Friday, August 7, 2015

no free lunches





She cries into exhaustion and the only relief comes when she sleeps.
Then she wakes and realizes he's gone and she's still here and it's the sinking feeling of living in a nightmare she could never dream.

Last night I wondered if he knew the end. If all those years ago he got a glimpse of her pain would he have even looked her way, and I thought, "No. He would never want her to suffer this way."

This morning it occurred to me that a love like that could never be free and both of them would surely do it all over again if given the chance.


Today I am grateful she has her mother and her friends and time and his stories and their bed and his pillow and the mercy of at least some sleep.

2 comments:

Anonymous said...

I often think of why such bad things happen to such good people. I guess that's why I'm still here, not good enough, yet.

Shea Goff said...

From what I've seen the bad is not the death. It's the living with it. But then that storm came. And you're right.

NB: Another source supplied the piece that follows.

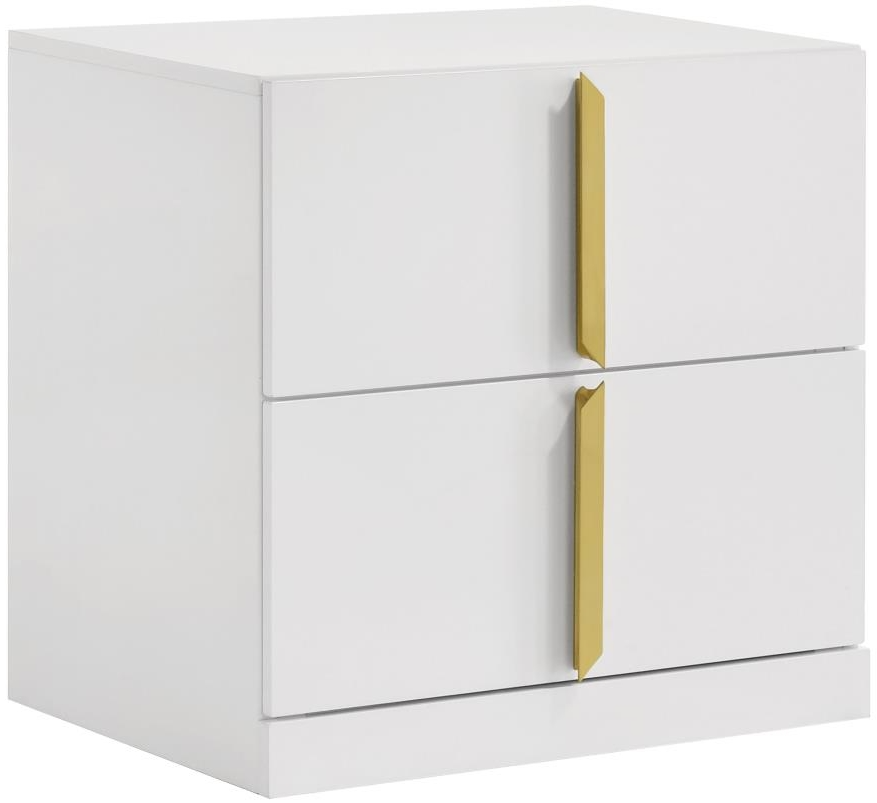 Bold in its simplicity, this two-drawer nightstand captures modern Italian influence with practical functionality. The white high gloss finish is made with eco-friendly PET thermoplastic, offering a surface that resists scratches, moisture, and heat.Read More

But then I've seen bad people die too. A man who made a woman walk ten steps behind her. If she got too close he would beat her, and I really did think he deserved his death. I mean, I think she was better off for it.

So it can't be. It just can't that only the good die young because the bad do too.

I get mad when I think about it because sometimes I just want the bad to stop. Then I have a friend who tells me, What you resists persists because that's a famous quote I guess.

And I tell myself that most of the time I don't even know what I'm talking about so on the list for tomorrow:

Hike.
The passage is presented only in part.